As many readers point out, it is too early to judge whether the Fed Rescue has “failed”. What I meant is that it has so far failed to normalize the debt markets. It has reached the point where counties in Alabama are unable to raise money.

Monetary policy takes a year or two to filter through so the 225 basis points in cuts since September will gradually work some magic.

It is true that the mortgage resets peak in March and that a big chunk of the adjustment has already occurred. But the impact on the housing market and on the default rate on CDO mortgage securities takes a long time to unfold. Nobody is evicted instantly. It takes months to exhaust the arrears process. The legal machinery drags on. It then takes months more to sell the house into a falling market. US property busts typically run for four or five years, according to a Fed study.

Yes, Wall Street has held up OK, although the S&P 500 is testing the lows around 1300 once again. Tokyo’s Nikkei has come down much further, so has Shanghai, and most other emerging market bourses.

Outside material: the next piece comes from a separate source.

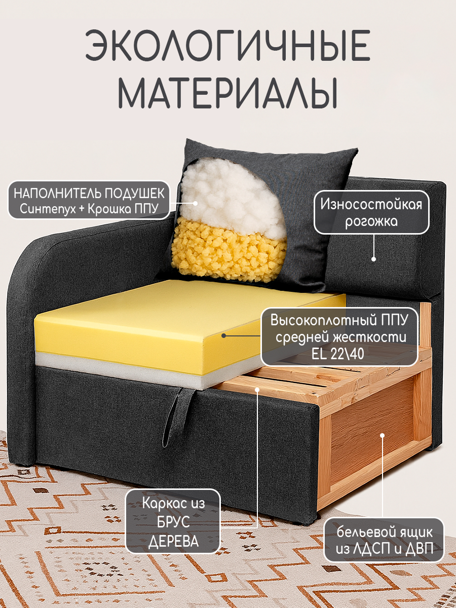 Диван кровать Некст Mini Комфорт, рогожка Grafit спальное место 120х190 см с коробом для белья, еврокнижка, EDLEN: сравнение цен, характеристики, фото, актуальное наличие и цены.

But be careful. Credit stress often precedes equity stress by five or six weeks, so there may be worse to come for Wall Street. The currency markets are signalling trouble. The yen and Swiss franc are surging again.

My guess is that the Fed will have to cut much further. It will need a lot of help from the BoE and the ECB before we start to glimpse recovery. Warren Buffett said this week that he was waiting for shares to get a “lot cheaper” before jumping in.

One last point. I totally agree with those who blame the debt crisis on the irresponsible policies of the Fed and fellow central banks from 2003 to 2006, and indeed for better part of fifteen years. They stoked this bubble by artificially holding rates too low (by government fiat). The money leaked into asset prices, just as it in the US in 1920s, and in Japan in the 1980s. (Two other low inflation eras).

In effect central banks rigged the price of credit. In doing so they caused massive “inter-temporal misallocations”, to use the posh term of the BIS. Or put another way, they stole prosperity from the future. The future has now arrived.

Yes, one could call for a liquidation purge to clear the excesses. That would be ideologically purist. But we might ruin our democracies in the process. So first we must right the ship, even if that means moral hazard and a despicable bail-out for the credit villains. We must hold our noses. We settle scores later.

Von Hayek argued that governments themselves are the cause of extreme ups and down in the credit cycle. He said they should be stripped of their power to control interest rates, reducing central banks to the role of lender of last resort - as the Fed was supposed to be in 1907 before the meddlers and micro-timers took over.

So let us have Hayek’s catallaxy of competing currencies, set by market forces. It must be an improvement.